Providing personalized customer service will have a knock-on effect on future bookings as guests will always look for properties that have great reviews, Lane says. “We are seeing properties with good reviews, reasonable cleaning fees, and popular amenities able to maintain and even grow their occupancy levels,” he says. “It’s becoming more important for hosts to pay attention to their performance and guest reviews.”

What’s next for Airbnb prices

If interest rates continue to rise, investing in short-term rentals will become an increasingly less-attractive prospect, Lane says. That could result in the supply growth rate slowing, which means that this oversupply could be temporary.

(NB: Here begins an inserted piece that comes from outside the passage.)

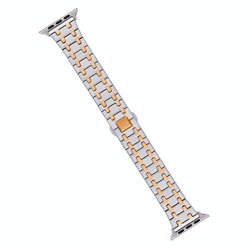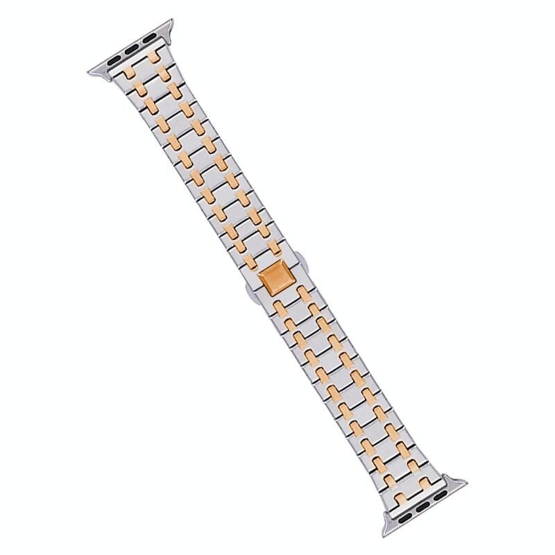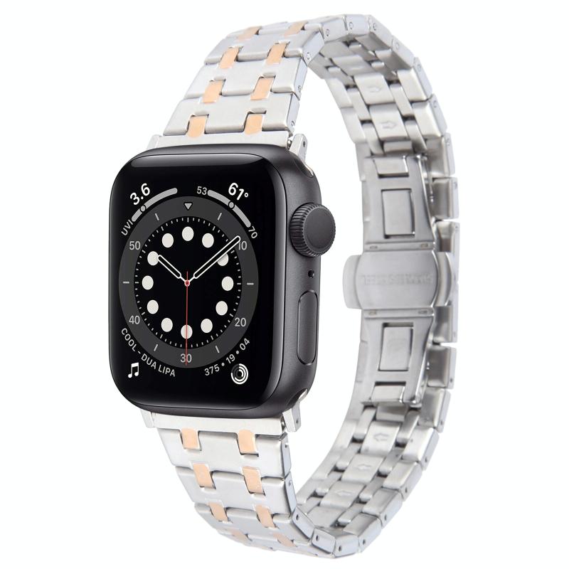 For Apple Watch Series 6 44mm Double T Stainless Steel Watch Band(Silver Rose Gold)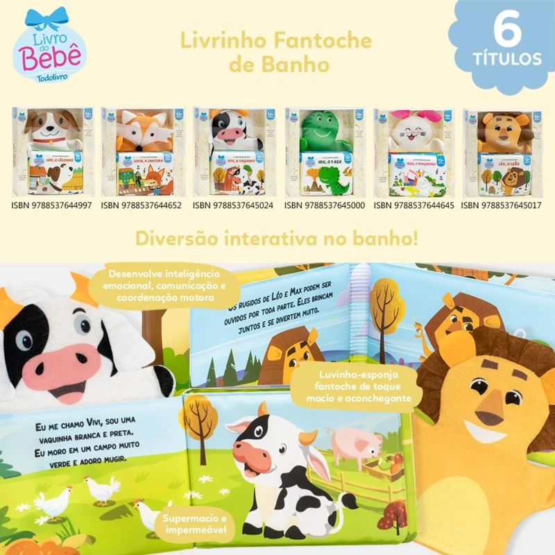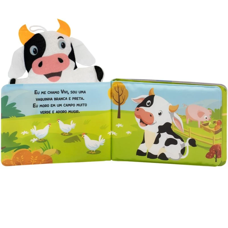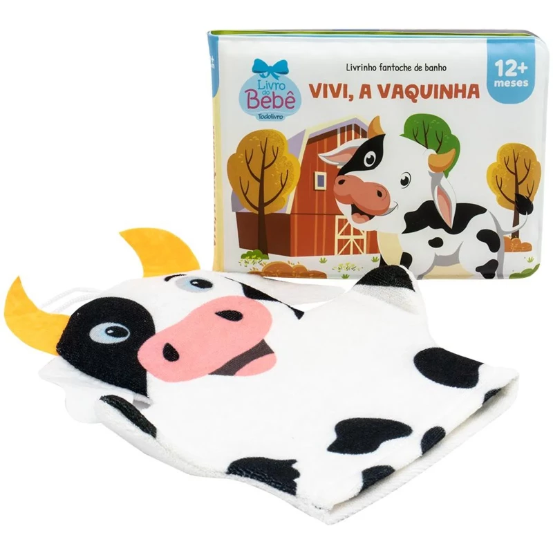 Livrinho fantoche de banho: Vivi, a Vaquinha é um livro para diversão interativa na hora do banho, pensado para o bebê.

“The growth of short-term rental listings is causing nightly prices to fall and reducing the profitability of owning these vacation rentals, which should result in more long-term rental supply, helping to bring rents back down,” Marr says.

In the meantime, Neal says that Airbnb hosts need to “put [themselves] in travelers’ shoes” if they want their property to stand out in a crowded field. “If you’re noticing a dip in bookings, look at your competition and make consistent updates to your property,” he says.

For some hosts, this tougher landscape means it’s time to get out of the short-term rental game. Ewing says that he’s currently looking for a long-term tenant for his property instead of continuing to rent it out for shorter periods on Airbnb.

“It seems like a lot of people are kind of fed up with Airbnb and they’re angry about how some hosts treat them now,” he says. “I’m curious to see if my timing for leaving the short-term market is the right move, and if in six months or 12 months, Airbnb becomes a bad investment for people.”